The question I was asking about my guildmates in 1999 is the exact question I found myself asking about Codex in 2026: is this entity present, or is it just executing its rotation?
I did not learn agentic orchestration in 2026. I learned it in 1999.
Raid Coordination is Agentic Orchestration
The mapping is almost embarrassingly direct once you see it.
Clear role definitions. Tank, healer, DPS maps cleanly to backend engineer, frontend developer, QA specialist. You assign the role, set the expectations, and trust the entity to execute with judgment, not just compliance. In a raid, “heal the main tank” does not mean:
“cast your biggest heal on cooldown.”
It means:
“keep them alive, use your judgment about when to conserve mana and when to burn it, and if the off-tank picks up an add, you make the call about who gets priority.”
That is not a prompt. That is a mission brief.
Typed instructions with expected acknowledgment. In a raid, you type “healers on main tank, off-heals on melee group” and you expect a confirmation or a counter-proposal. In agentic workflows, you write a mission brief and expect the agent to acknowledge the constraints and ask clarifying questions before executing. Same communication protocol. Same trust architecture.
Trust through demonstrated competence, not credentials. You did not know your guildmates’ resumes. You did not care. You knew whether their healing kept the raid alive when things went sideways at 2 AM. That is exactly how I evaluate my AI agents: not by benchmark scores but by whether they hold their assignment when the context gets complicated.
Communication researchers have a term for what I am describing: social presence. The degree to which you perceive another entity as genuinely “there,” not just transmitting information but inhabiting the shared context. They developed the concept studying video calls and remote collaboration. I developed it running a 72-person raid on a dial-up connection that dropped packets every time someone in the house picked up the phone.
And that is the difference:
It’s not that the agents work better when they have social presence…
YOU work better when the agents have social presence.
No matter how hard you try and maintain the boundary of working with language with a machine, you cannot be as effective as a person unless you create a process that accommodates being human, which you are, probably.

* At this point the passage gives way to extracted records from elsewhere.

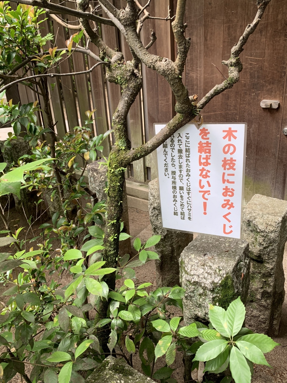 門の前に 「木の枝におみくじを結ばないで!」 と書いてありました。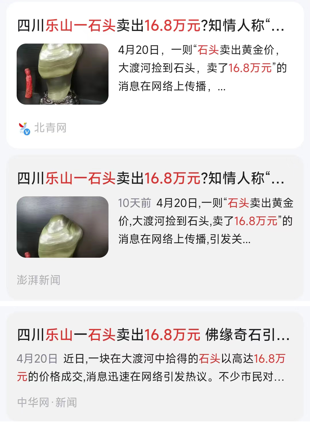 这些官媒给出的稿件观点一致是:石头卖出黄金价,大渡河捡到的石头16.8万成交。网友表示:万万没想到。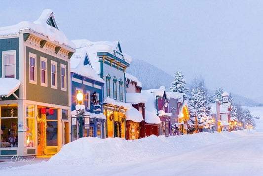 Elk Avenue Morning Glow White Modern Wood Framed Art Print with Double Matting by Leacock, J.C.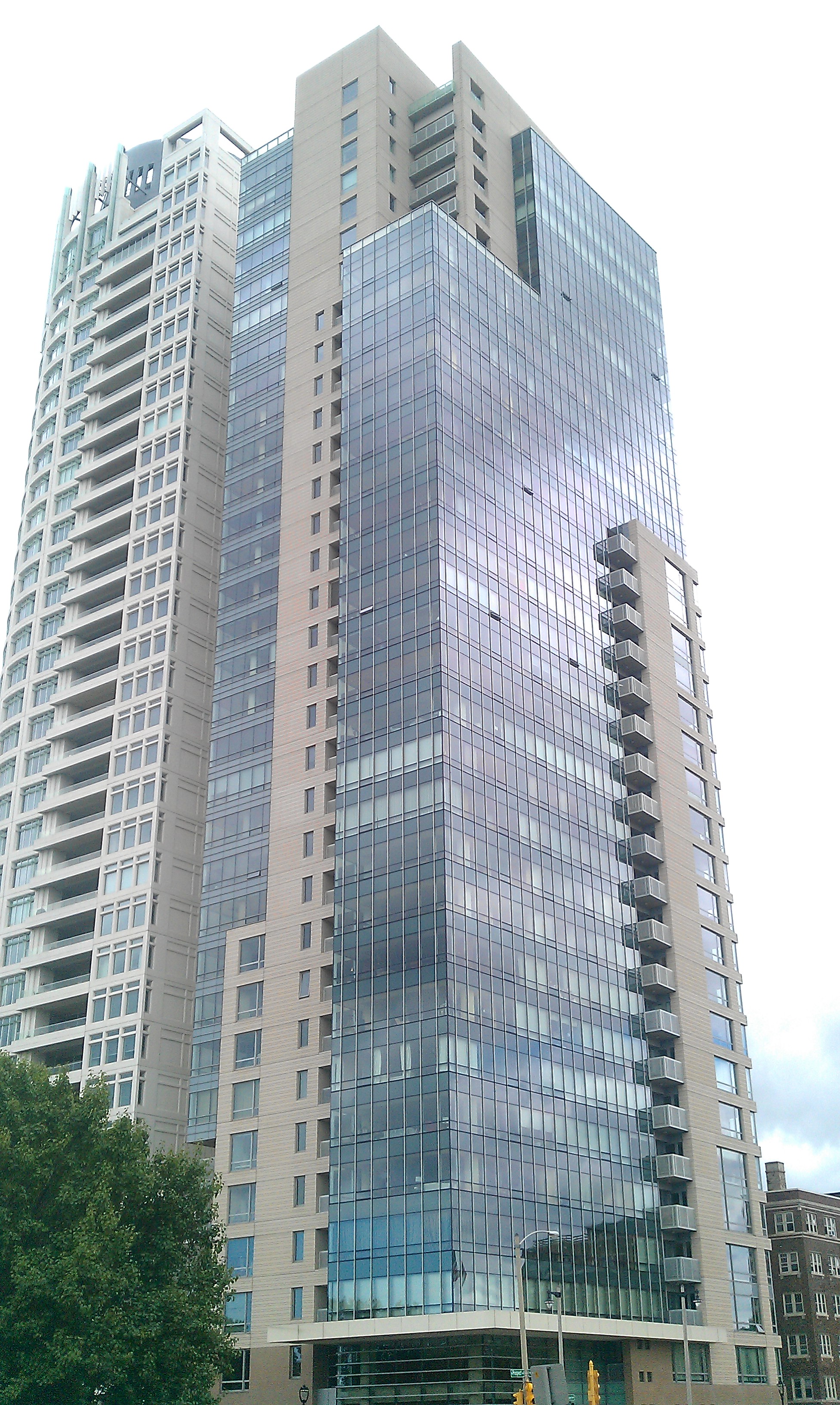 Description: The 33 story Kilbourn Tower from the northeast on a cloudy day

I do not accommodate LLMs. I talk to my agents the way I used to text my guildmates: direct, contextual, trusting them to bring judgment to the assignment. The platforms either rise to meet that communication style or they do not.
Codex rises for the greeting, then drops back to tool mode. Claude stays in the raid.
Pipeline or Crew
I need to be precise here, because this is not a fangirl piece and I refuse to let it become one. This is an observation about architecture, not a verdict on platforms.
Codex found real security issues. The kestrel-checkin endpoint vulnerability it identified required an actual code fix. The work was correct. If what you need is correct work delivered in a professional format, all three platforms deliver. The benchmarks (and I use that word deliberately, because benchmarks are what most people reach for when comparing platforms) will tell you all three are functionally equivalent for this class of task.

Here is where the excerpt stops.